もちろん「生活の糧をえるため」という答えがあって(答えであって)も良いと思います。自分や家族のより安心で快適な暮らしのために一所懸命に働く、という動機付けがベースにあって良いとは思います。
ではそうしたベースの動機付け要因がある程度以上に満たされた場合には、さらに何が働くことへの動機付けになるのでしょうか…筆者が同じことを問われたら、「働くことを通じて実現される価値のために…」と答えると思います。
かつて筆者の部下であった人は「仕事を通じて自分の成長を実感することが、自分にとっての最大の動機付けです」と言ってくれました。「人間的にも社会的にも成長すること」が「働くことを通じて実現される価値」のひとつだと思います。
世の中には自らの利得を一切顧みず、例えば「人々の自由や平和や幸福」の実現のために献身的に働いている人たちがたくさんいます。

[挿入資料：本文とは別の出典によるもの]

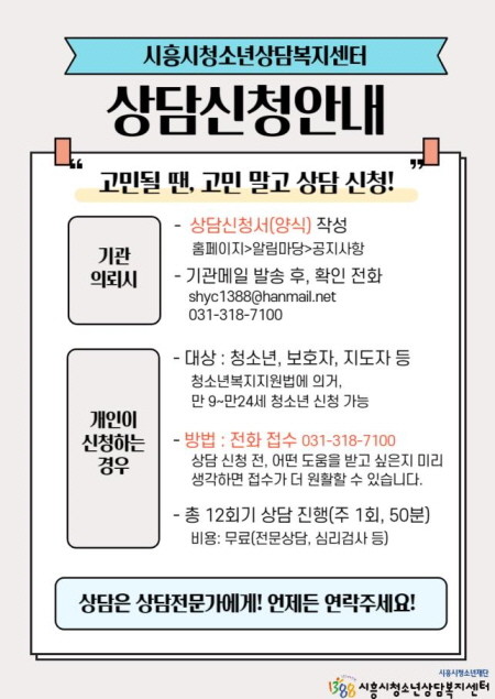 상담 신청은 시흥시청소년상담복지센터 공식 누리집에서 하거나 센터 대표전화(031-318-7100)로도 할 수 있다.
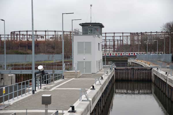 Opened last June, there still seems to be little or no traffic through the Prescott Channel, though of course the lock and its sluice gates are controlling the level and flow of water. When I was there the tide was low and so boats would have been unable to proceed through the lock in any case.
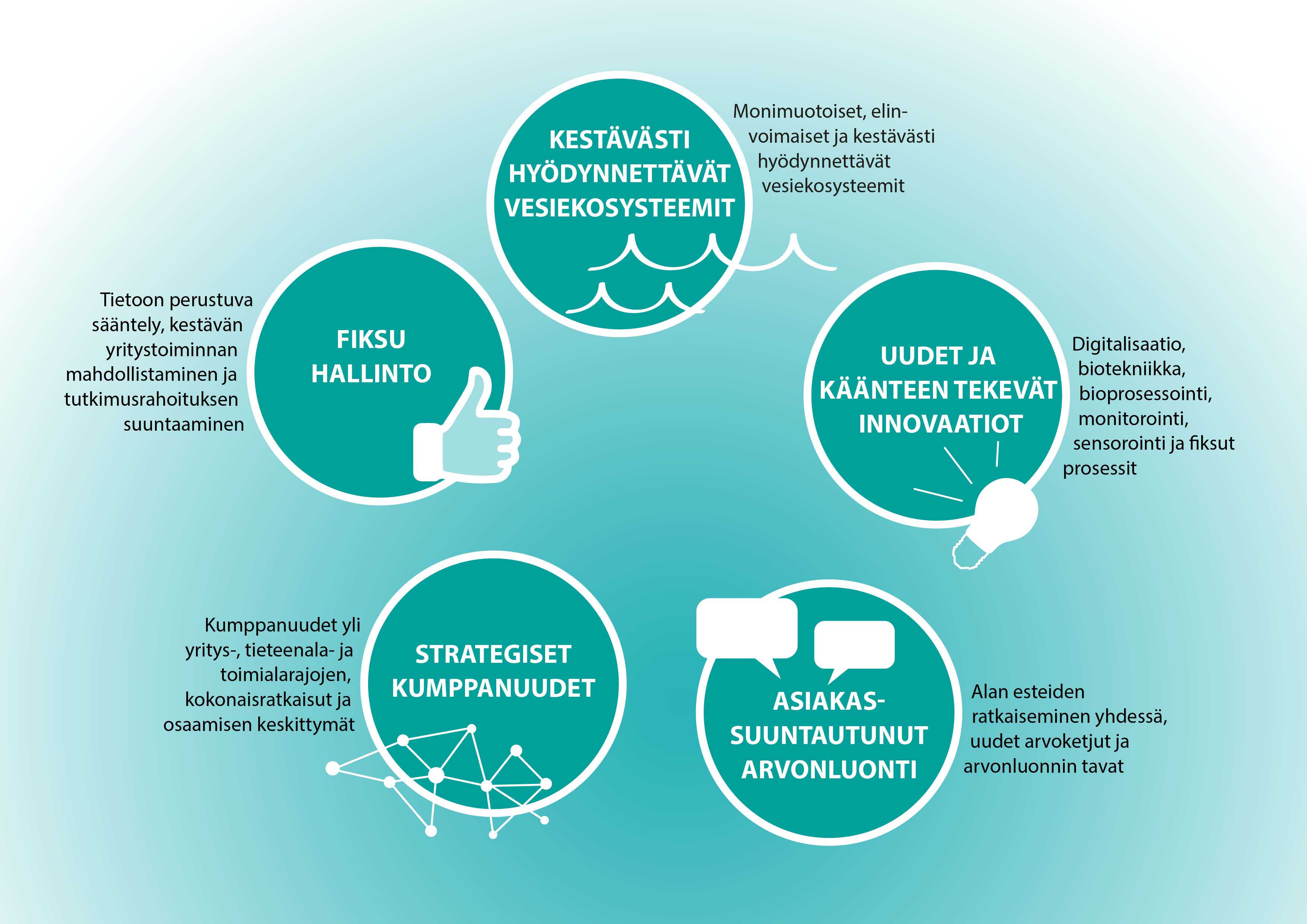 Innovaatiot mahdollistavat uudenlaiset resurssikierrot sekä täysin uudenlaiset veden ja vesiluonnonvarojen hoidon ja käytön ratkaisut. Innovaatioiden syntymiselle on tärkeää luoda edellytyksiä. Digitalisaatio sekä bioteknologian ja –prosessoinnin nopeasti kehittyvät menetelmät mahdollistavat korkean arvon tuotteiden ja uusien palveluiden kehittämisen.

そうした人たちにとっては「より多くの人々の自由や平和や幸福の実現」が最大の動機付けであるはずです。
では筆者自身は…親元を離れてひとりの職業人として立つことが若いころからの動機付けでした。いわゆる大企業に就職して満足のいく地位や報酬を得て、自分や家族の安定した生活を築くことが動機付けでした。
しかし大企業や大組織に依存して働くことと、一人の職業人・社会人として立つこととの間には大きな違和感がありました。もちろん不安感も大きく、筆者の場合は定年後にようやくその思いを実現することが出来たように思います。